Wednesday, July 19, 2006

Frozen embryo rights

Yesterday the Irish High Court issued its first part of a judgment in a case where a woman wanted to have spare embryos implanted in her womb in the hope of conceiving another child. The embryos were created during IVF treatment when she had a baby a few years ago with her now estranged partner. The man objected to this saying he had not given his consent for the second set of embryos to be used. The High Court agreed with him saying a person could not be forced to become a parent and that the original consent forms signed at the clinic did not cover this situation. The High Court will now have to make a judgment on what is to be done with the frozen embryos raising all kinds of Pro-Life V's Pro-Choice arguments. The pro-life supporters argue that the embryos are alive and covered by the Irish constitutional protection for the unborn.

The irony here for pro-lifers, as I see it, is that this could have serious practical problems for IVF. If an embryo created in a lab is defined as unborn then how will IVF clinics be able to handle them? Could they be forced to use all the embryos in IVF treatment. Could they, in the extreme, also be prosecuted for manslaughter should a fault in their storage equipment destroy the embryos? In theory the right to life of the unborn, should an embryo be defined as unborn, could actually reduce the possibilities for life to be created using IVF which would seem to go against the goals of the pro-life campaign and doom many couples to remain childless.

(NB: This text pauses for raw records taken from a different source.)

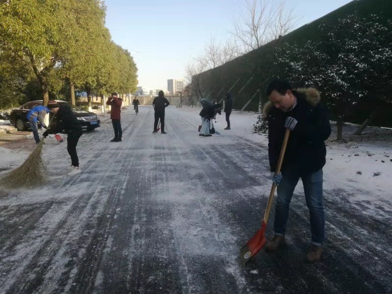 李高杰老师带领下,一大早便开始了一场扫雪除冰活动,为我校师生共建安全畅通出行环境。
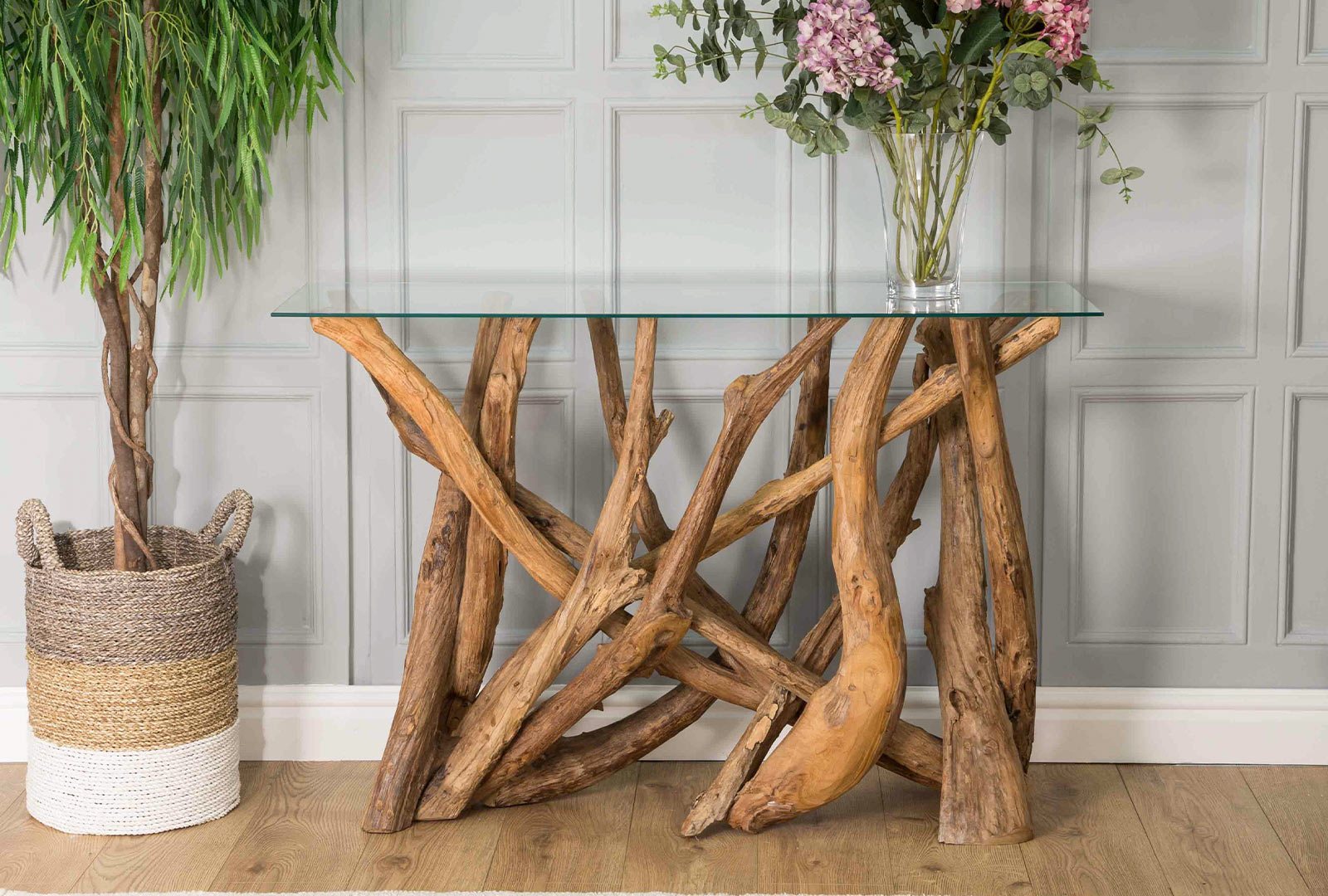 Add natural luxury to your living space with this stunning range of occasional and dining pieces, made from twisted Branchwood Teak with a tempered glass top finish.
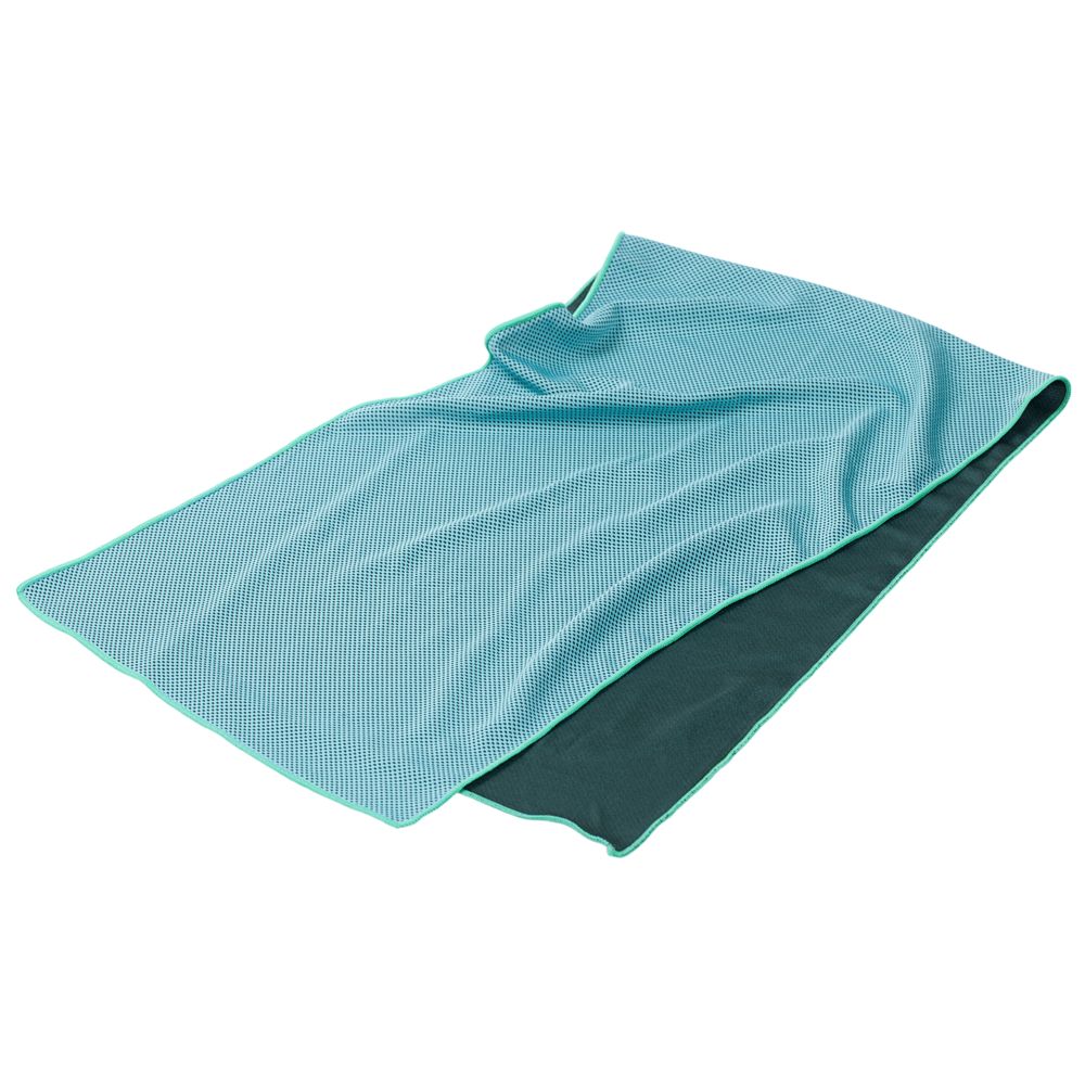 Полотенце поглощает тепло и регулирует температуру благодаря особенной структуре ткани из гидрофобных волокон с технологией трехмерного объемного плетения. Они ускоренно испаряют влагу, обеспечивая тем самым интенсивное снижение температуры.

I also have to wonder what the outcome of the case would have been if the woman had said she was willing to wave all the mans responsibilities for the child. I heard on the radio she had wanted him to be fully legally responsible for the child. I dont know if that was true, I havent been able to find it mentioned elsewhere. You cant force someone into a life long financial and legal commitment against their will purely because someone else wants it. If that was the case I wonder how much did that influence the judges thinking.

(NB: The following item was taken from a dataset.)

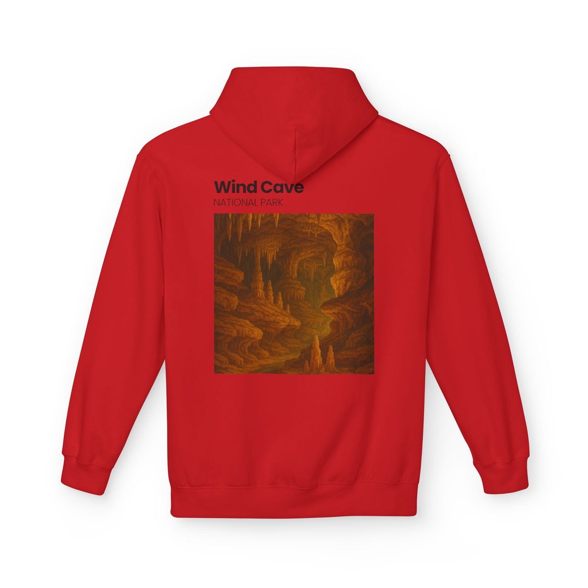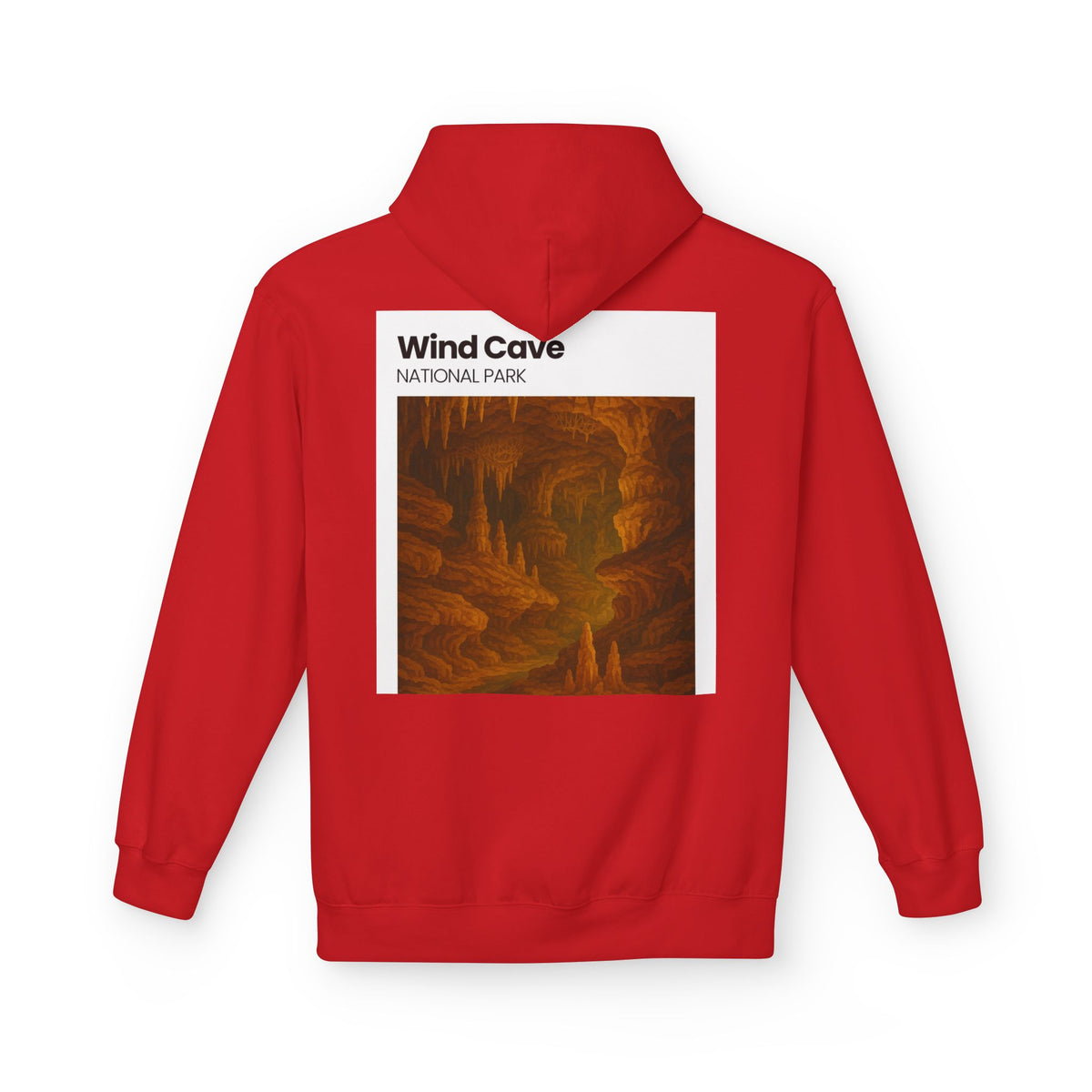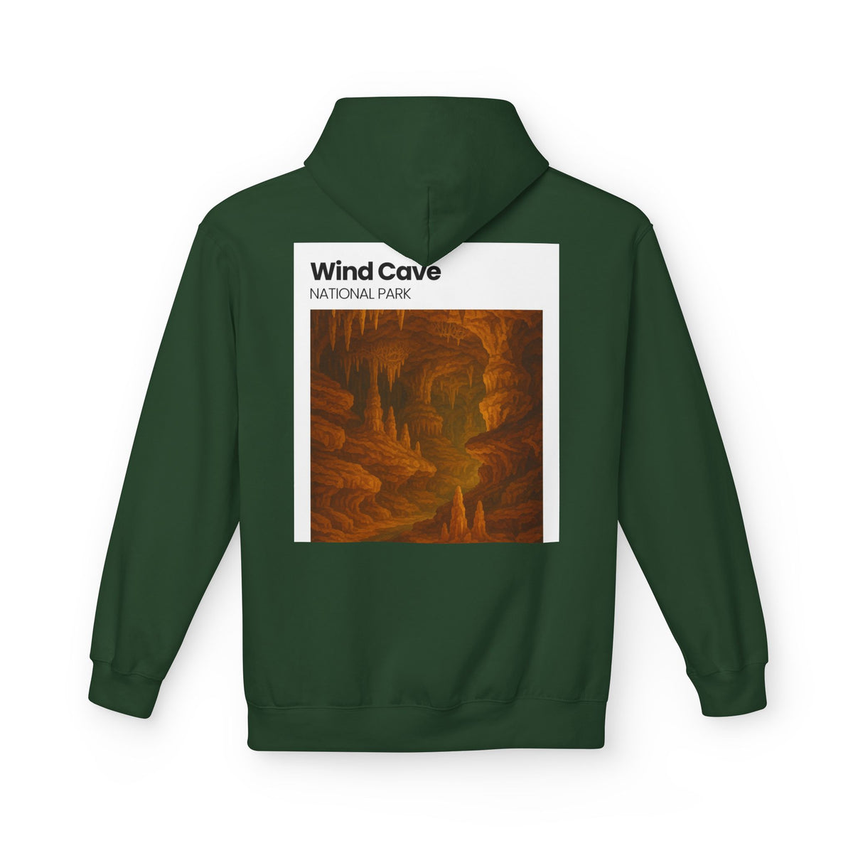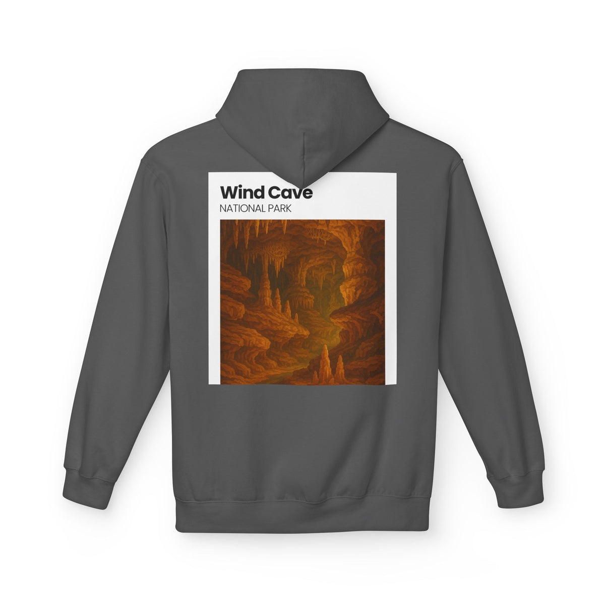 A laid-back midweight hoodie that feels like a quiet evening spent exploring an underground world. Soft, brushed fleece hugs you while the two-piece lined hood and roomy pouch pocket keep hands warm after long walks or late-night stargazing. The back features a warm, painterly cave scene with “Wind Cave National Park” text—subtle nostalgia for trips into hidden places. The classic fit and dropped shoulders give a relaxed, lived-in silhouette that layers easily over tees or base layers. Socially conscious and sustainably made, it’s built to travel with you from trailhead to campground and back again.
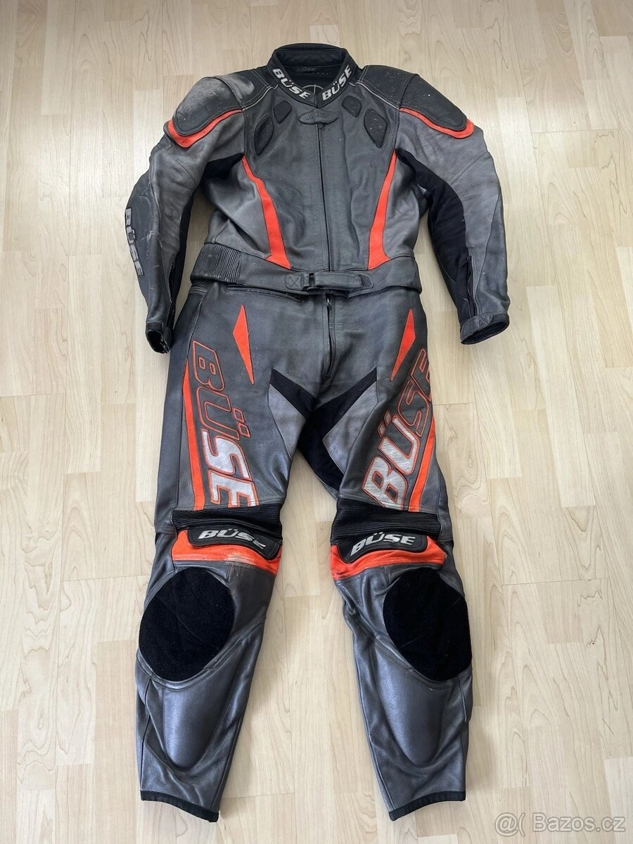 Kožená 2 – dílná dámská kombinéza od značky Büse ve velikosti – 40 vhodná i na postavu o číslo menší Je starší, použitá, ale stačí dát si trochu práce, použít krém na kůži a určitě ještě někde dobře poslouží.

Finally what would have happened if the judge had agreed with the woman, or for that matter if the Supreme Court overturns the High Courts ruling and the roles in a future case are reversed. What if a man wanted to use embryos with his new partner? I'm not even dealing with the idea that his former partner could have been made carry the baby for 9 months. I'm talking about the case where he was the one who could no longer father children and his last chance for a child with his current partner were embryos he created with another woman and his current partner was willing to carry the baby. Would the father have rights to use the embryos separately from the mother?